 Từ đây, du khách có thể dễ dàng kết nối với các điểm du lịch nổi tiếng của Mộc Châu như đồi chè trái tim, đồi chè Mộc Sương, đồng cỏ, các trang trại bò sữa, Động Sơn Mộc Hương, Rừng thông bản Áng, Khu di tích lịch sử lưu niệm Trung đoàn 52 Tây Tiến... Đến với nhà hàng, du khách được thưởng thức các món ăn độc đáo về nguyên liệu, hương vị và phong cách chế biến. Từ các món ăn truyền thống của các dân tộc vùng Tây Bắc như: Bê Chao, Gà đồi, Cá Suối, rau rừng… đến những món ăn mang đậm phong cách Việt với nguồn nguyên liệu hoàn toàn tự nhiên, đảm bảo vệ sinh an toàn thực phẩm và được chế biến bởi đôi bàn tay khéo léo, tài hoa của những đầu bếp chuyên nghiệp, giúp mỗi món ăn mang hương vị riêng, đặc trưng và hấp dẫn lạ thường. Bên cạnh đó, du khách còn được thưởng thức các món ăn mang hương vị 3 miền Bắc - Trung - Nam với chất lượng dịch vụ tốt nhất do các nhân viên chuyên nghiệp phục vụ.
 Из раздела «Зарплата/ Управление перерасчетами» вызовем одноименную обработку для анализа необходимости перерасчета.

_ _ _ _

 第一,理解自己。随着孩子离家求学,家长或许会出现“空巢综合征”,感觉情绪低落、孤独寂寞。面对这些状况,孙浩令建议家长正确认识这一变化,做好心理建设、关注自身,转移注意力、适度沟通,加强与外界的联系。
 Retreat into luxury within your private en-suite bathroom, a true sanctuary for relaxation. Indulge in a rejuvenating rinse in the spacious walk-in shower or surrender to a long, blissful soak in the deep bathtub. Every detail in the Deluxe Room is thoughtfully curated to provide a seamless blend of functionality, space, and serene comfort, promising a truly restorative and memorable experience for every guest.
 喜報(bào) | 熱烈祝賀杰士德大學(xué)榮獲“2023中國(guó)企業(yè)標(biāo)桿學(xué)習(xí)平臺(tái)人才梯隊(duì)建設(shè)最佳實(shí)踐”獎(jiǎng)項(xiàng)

_ _ _ _

• [What you have to do] An exact, complete copy of the lines above from the one with "Từ đây, du khách" through the one with "анализа необходимости перерасчета." is the whole answer.

• [Exercise result]
 Từ đây, du khách có thể dễ dàng kết nối với các điểm du lịch nổi tiếng của Mộc Châu như đồi chè trái tim, đồi chè Mộc Sương, đồng cỏ, các trang trại bò sữa, Động Sơn Mộc Hương, Rừng thông bản Áng, Khu di tích lịch sử lưu niệm Trung đoàn 52 Tây Tiến... Đến với nhà hàng, du khách được thưởng thức các món ăn độc đáo về nguyên liệu, hương vị và phong cách chế biến. Từ các món ăn truyền thống của các dân tộc vùng Tây Bắc như: Bê Chao, Gà đồi, Cá Suối, rau rừng… đến những món ăn mang đậm phong cách Việt với nguồn nguyên liệu hoàn toàn tự nhiên, đảm bảo vệ sinh an toàn thực phẩm và được chế biến bởi đôi bàn tay khéo léo, tài hoa của những đầu bếp chuyên nghiệp, giúp mỗi món ăn mang hương vị riêng, đặc trưng và hấp dẫn lạ thường. Bên cạnh đó, du khách còn được thưởng thức các món ăn mang hương vị 3 miền Bắc - Trung - Nam với chất lượng dịch vụ tốt nhất do các nhân viên chuyên nghiệp phục vụ.
 Из раздела «Зарплата/ Управление перерасчетами» вызовем одноименную обработку для анализа необходимости перерасчета.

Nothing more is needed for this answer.